But Brown said he reached a different conclusion "upon further reflection and a deeper probing into all the aspects of our Constitution."
"It became evident that the Article 1 provision guaranteeing basic liberty, which includes the right to marry, took precedence over the initiative," he said in an interview Friday night. "Based on my duty to defend the law and the entire Constitution, I concluded the court should protect the right to marry even in the face of the 52 percent vote."
Brown, who served as governor from 1975 to 1983, is considering seeking the office again in 2010. After California voters passed Proposition 8 on Nov. 4, Brown said he personally voted against it but would fight to uphold it as the state's top lawyer.
The litigation over Proposition 8 is shaping up, Brown said, as a high-stakes conflict between the electorate's right to direct democracy and rights of minorities to equal treatment.
Brown submitted his brief in one of the three legal challenges to Proposition 8 brought by same-sex marriage supporters. The measure, a constitutional amendment that passed with 52 percent of the vote, overruled the Supreme Court decision last spring that briefly legalized gay marriage in the nation's most populous state.
Shannon Minter, legal director of the National Center for Lesbian Rights, called the attorney general's change of strategy "a major development."
"The fact that after looking at this he shifted his position and is really bucking convention by not defending Prop. 8 signals very clearly that this proposition can not be defended," Minter said.
The sponsors of Proposition 8 on Friday argued for the first time that the court should undo the marriages of the estimated 18,000 same-sex couples who exchanged vows before voters banned gay marriage at the ballot box last month.
The Yes on 8 campaign filed a brief telling the court that because the new law holds that only marriages between a man and a woman are recognized or valid in California, the state can no longer recognize the existing same-sex unions.
"Proposition 8's brevity is matched by its clarity. There are no conditional clauses, exceptions, exemptions or exclusions," reads the brief co-written by Kenneth Starr, dean of Pepperdine University's law school and the former independent counsel who investigated President Bill Clinton.
Both Brown and gay rights groups maintain that the gay marriage ban may not be applied retroactively.
The Supreme Court could hear arguments in the litigation as soon as March. The measure's backers announced Friday that Starr, a former federal judge and U.S. solicitor general, had signed on as their lead counsel and would argue the cases.
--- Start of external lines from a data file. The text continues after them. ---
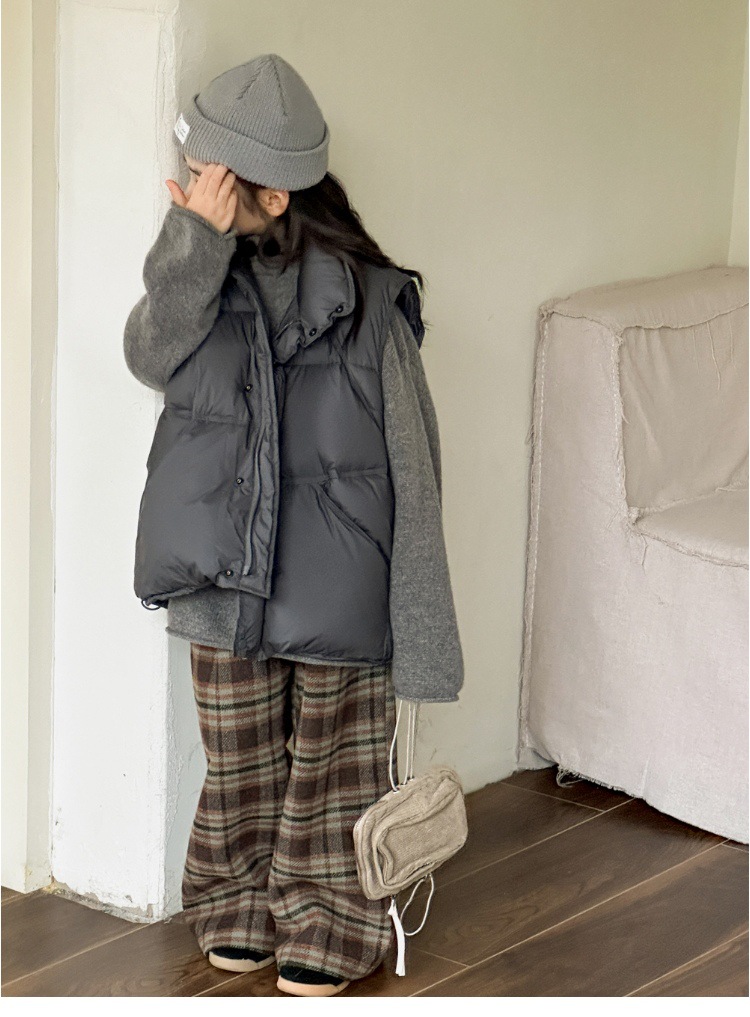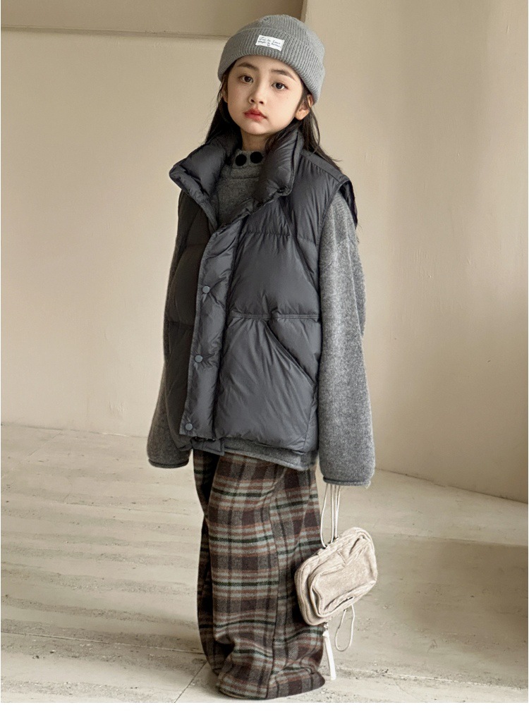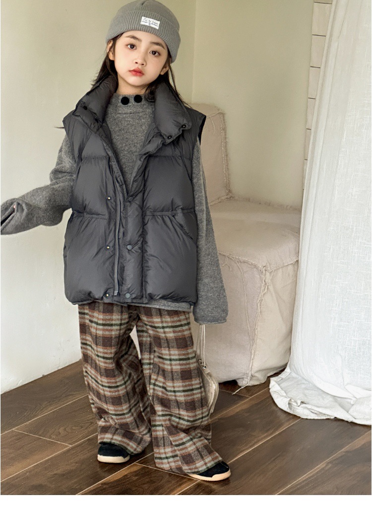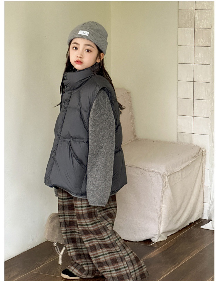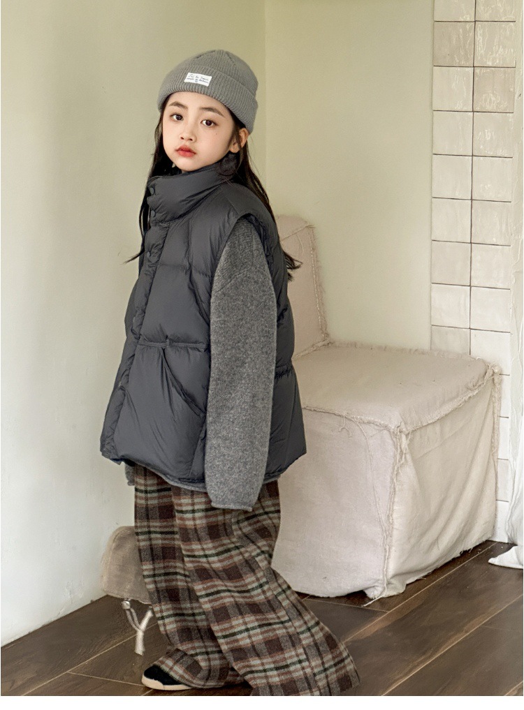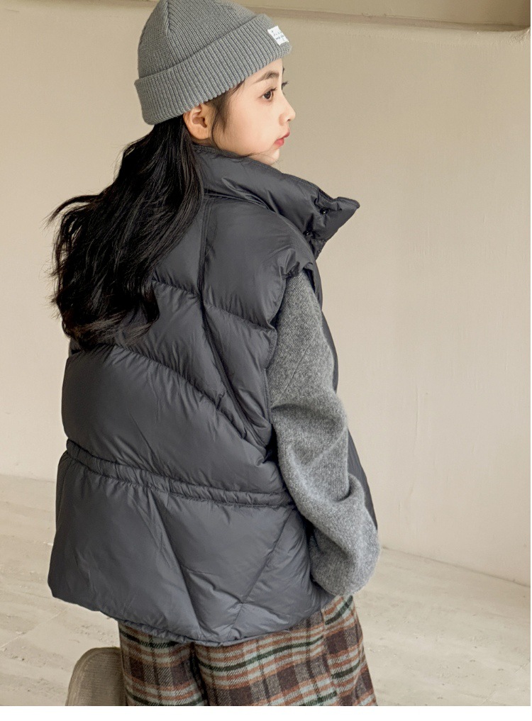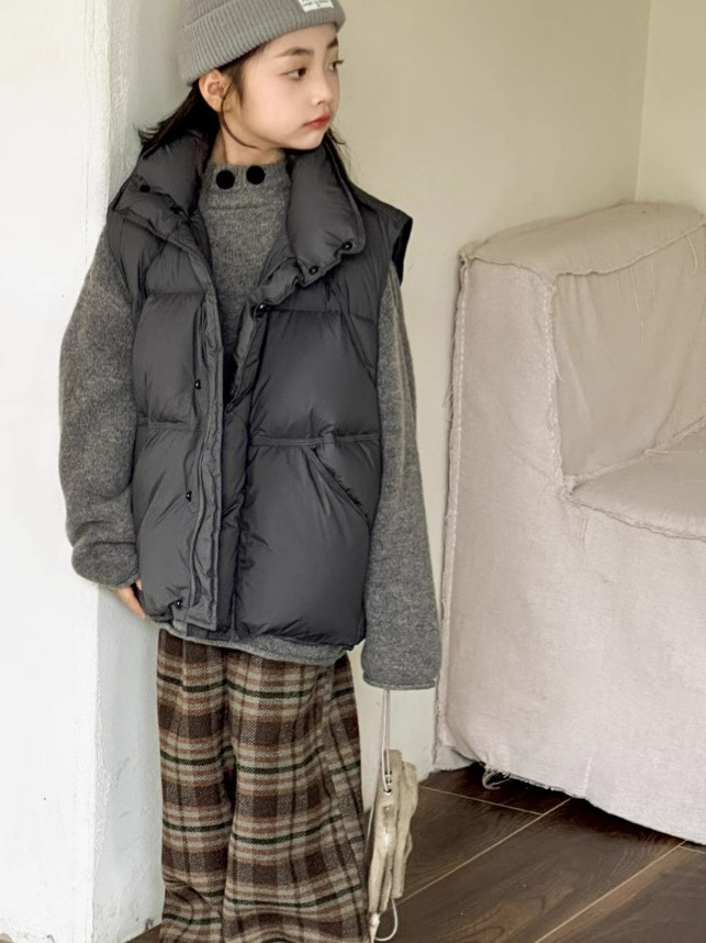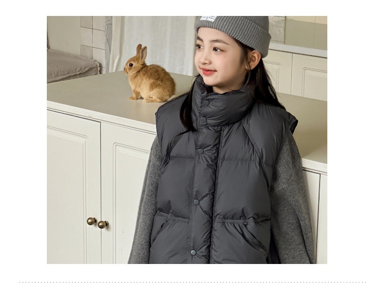 어린이 다운 조끼 가을과 겨울 소녀 두꺼운 조끼 겨울 새 스타일 중대형 어린이 화이트 덕 다운 재킷 코트를 입고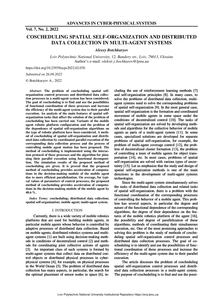 Botchkaryov A. Coscheduling Spatial Self-organization and Distributed Data Collection in Multi-agent System / A. Botchkaryov // Advances in Cyber-Physical Systems. — Lviv : Lviv Politechnic Publishing House, 2022. — Vol 7. — No 2. — P. 76–82.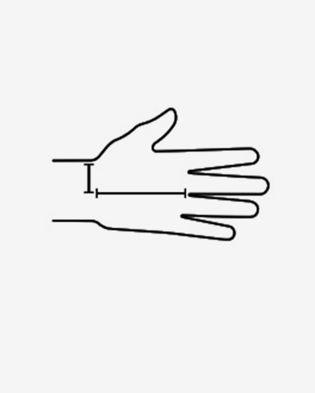 Instruktioner: Mät avståndet från handens bas till kanten av handen mellan lillfingret och ringfingret. Lägg till hälften av handledens bredd och jämför med intervallet nedan för att välja rätt storlek.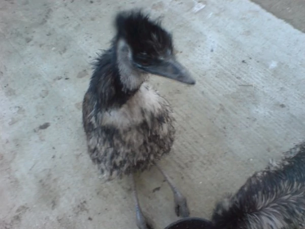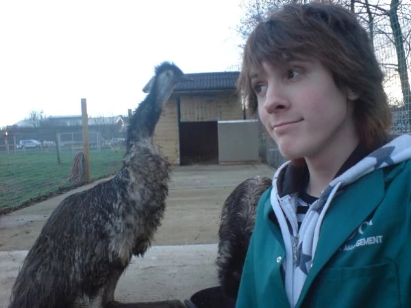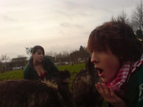 Titel: Det här är jag och min vän Becky som matar ut emu-erna.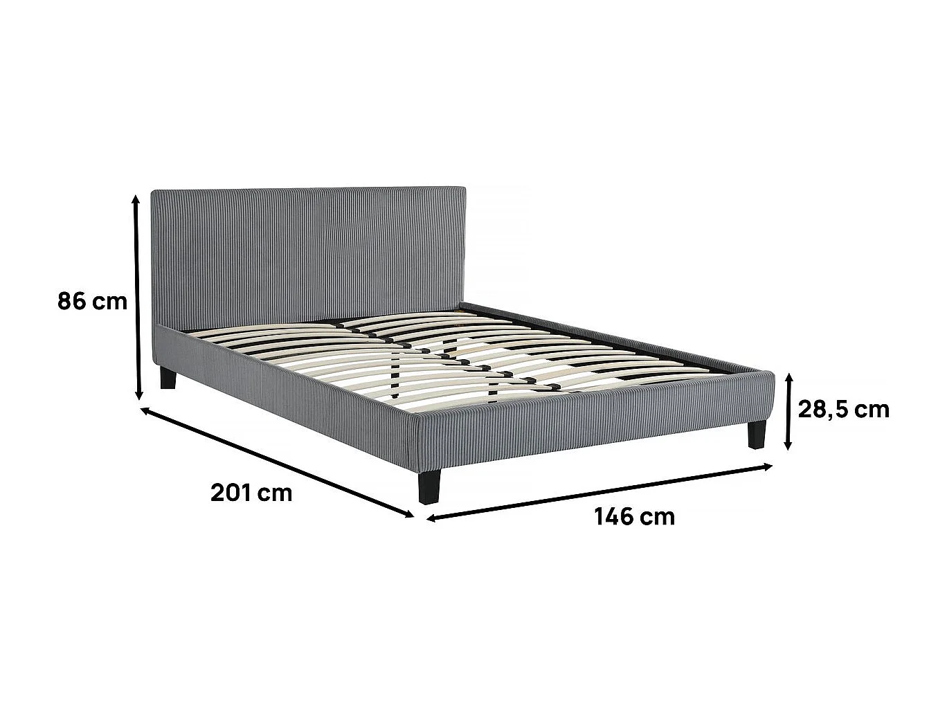 Lit en Velours Cotelé "Ambre" - 140 x 190 - Gris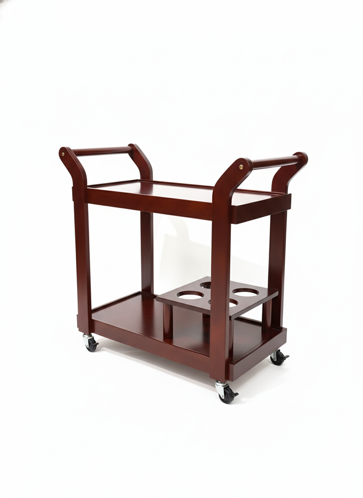 Serve in style with the Catarina Trolley, a sleek two-tier wooden cart designed for effortless entertaining. Finished in a rich warm brown, it features raised side handles for easy maneuvering, smooth 360° caster wheels, and spacious upper and lower shelves for dishes, snacks, or barware. The integrated bottle holder keeps up to four bottles secure and upright while you move, making it perfect for use as a bar cart, tea trolley, or utility cart in dining rooms, restaurants, or home gatherings.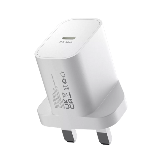 Devia - 30W Mini GaN USB-C Power Delivery 3-Pin UK Charging Plug - White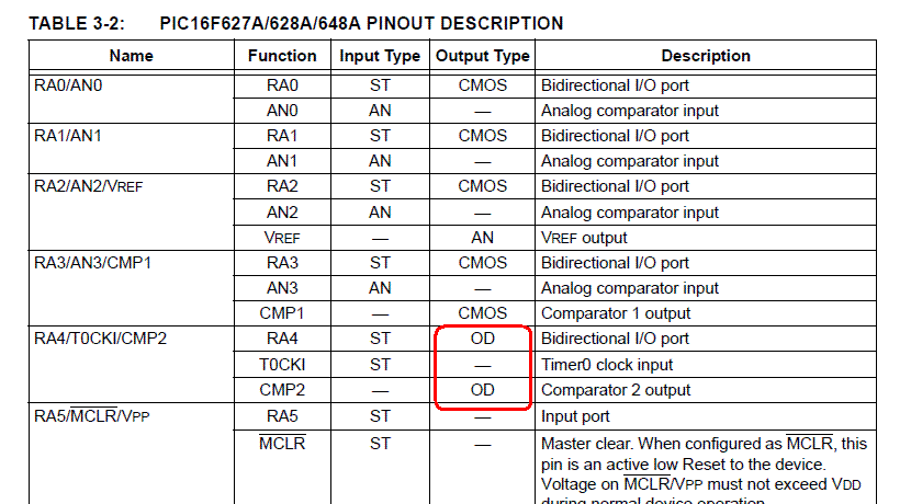 Does it have something to do with me using the comparator on ra.1,ra.2? I have been reading the datasheet and it mentions ra.3,ra.4 in section5.1 PORTA and TRISA Registers, I am already using ra.3 with no problems as an output.

The new brief provides a preview of how Proposition 8's supporters plan to defend the measure. It asserts that the Supreme Court lacks the authority or historical precedent to throw out Proposition 8.
"For this court to rule otherwise would be to tear asunder a lavish body of jurisprudence," the court papers state. "That body of decisional law commands judges - as servants of the people - to bow to the will of those whom they serve - even if the substantive result of what people have wrought in constitution-amending is deemed unenlightened."
Starr declined comment Friday, but co-counsel Andrew Pugno said the brief was filed in response to a question the court's seven justices posed to lawyers on both sides, not as an attack on the gay married couples. "The people passed Prop. 8," he said. "We are defending that."
Pugno called Brown's decision to challenge the voter-approved measure, as well as the argument advanced by the attorney general, "totally unprecedented."
"His legal duty as attorney general of the state is to defend initiatives passed by the voters," he said. "Oftentimes, attorneys general have defended measures they personally opposed."
Jesse Choper, a constitutional law professor at the University of California, Berkeley Boalt School of Law, said Brown has to show that there is a right to marry or to be free from discrimination on the basis of sexual orientation that cannot be taken away by a constitutional amendment. "It is not an easy argument, but that doesn't mean it's not going to win," Choper said.
The cases are Strauss v. Horton, S168047; City and County of San Francisco v. Horton, S168078; and Tyler v. State of California, S168066.